Dziś jednak to nie USA są w centrum uwagi (ale to tylko jeden dzień przerwy), lecz Europa. Już teraz przekonaliśmy się, że stopa bezrobocia w Szwajcarii wzrosła do 3 proc. (z 2,7 proc. w listopadzie). Rynek czeka teraz na dane o inflacji w Szwajcarii, które powinny sprzyjać Polakom zadłużonym w CHF, ponieważ inflacja ma obniżyć się do 0,9 proc. W strefie euro dominować będą publikacje dotyczące nastrojów, ale inwestorzy mogą bardziej nerwowo reagować na informacje z Niemiec. Ekonomiści spodziewają się, że zamówienia w przemyśle niemieckim mogły obniżyć się nawet o 19 proc. (dane za listopad). Dziś obraduje Bank Anglii – rynek spodziewa się obniżki stóp o 50 pkt bazowych.
SYTUACJA NA GPW
Wczorajsze notowania przyniosły ze sobą realizację zysków po dwóch wcześniejszych sesjach silnych zwyżek. Już od rana indeks WIG20 tracił na wartości, ale przez wiele godzin przebywał w konsolidacji z jednym krótkim wyjątkiem nie schodząc poniżej 1900 pkt.
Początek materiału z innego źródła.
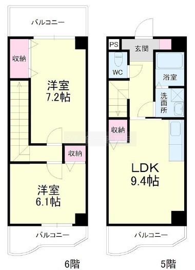 2LDK(59.11m²)└ 洋室7.2帖 洋室6.1帖 LDK9.4帖

Można powiedzieć, że tutaj rynek wyczekiwał na popołudniowe dane z USA. Te okazały się gorsze od oczekiwań. Nie chodzi tylko o raport ADP z rynku pracy, wedle którego amerykańskie firmy zwolniły w grudniu prawie 700 tys. osób, ale także o raport Intela, który pokazał większy od oczekiwanego spadek przychodów. Zatem w ciągu godziny WIG20 zszedł do 1880 pkt, a ostatnią godzinę poświęcił na obronę tego poziomu, co udało się zresztą osiągnąć. W środę podrożały akcje 93. spółek, potaniały 209. Obroty podliczono na 1,09 mld PLN, a więc nieco mniej niż we wtorek.
GIEŁDY ZAGRANICZNE
Wczorajszy spadek nowojorskich indeksów giełdowych (S&P 500 oraz NASDAQ) przekroczył 3 proc., jeszcze dynamiczniej inwestorzy pozbywali się w czwartek w Azji. To po pierwsze efekt wyparowania nadmiernego optymizmu przykładanego w pierwszych dniach nowego roku do planów pomocowych, które nie zastąpią zdrowego popytu napędzającego najważniejsze gospodarki. Zaskakująco fatalne dane o rosnącym bezrobociu w USA zbiegły się w czasie z niepokojącymi informacjami z potężnych spółek. Czwarta największa indyjska firma świadcząca usługi informatyczne dla co trzeciej spółki z rankingu Fortune 500 przez wiele miesięcy sztucznie zawyżała wyniki finansowe, które w rzeczywistości były nawet o 80 proc. gorsze niż na papierze. Z kolei gigant rynku metalowego Alcoa zapowiedziała masowe zwolnienia i cięcie wydatków inwestycyjnych.
OBSERWUJ AKCJE
Getin – akcje finansowego holdingu stosunkowo późno dołączyły do fali wzrostów, ale wspięcie się ceny akcji z ok. 4,6 PLN w okolice 5,50 trzeba uznać za dość mocny ruch. Czarna świeca o długim korpusie, która pojawiła się na wykresie po środowej sesji przemawia za realizacją zysków lub ograniczeniem strat w zależności po jakiej cenie inwestorzy kupowali papiery. Wskaźnik RSI odbił się w dół od poziomu 60, co również potwierdza wyczerpywanie się popytu, ale optymiści w dalszym ciągu po swojej stronie mają argumenty w postaci „byczego” sygnału ze wskaźnika MACD oraz średnie kroczące z 50 i 20 sesji leżące poniżej ostatniego kursu akcji.
POINFORMOWALI PRZED SESJĄ
Zremb – spółka zapewnia, że nie zawierała opcji walutowych. Stormm sprzedał 100 tys. jej akcji po 1 PLN sztuka.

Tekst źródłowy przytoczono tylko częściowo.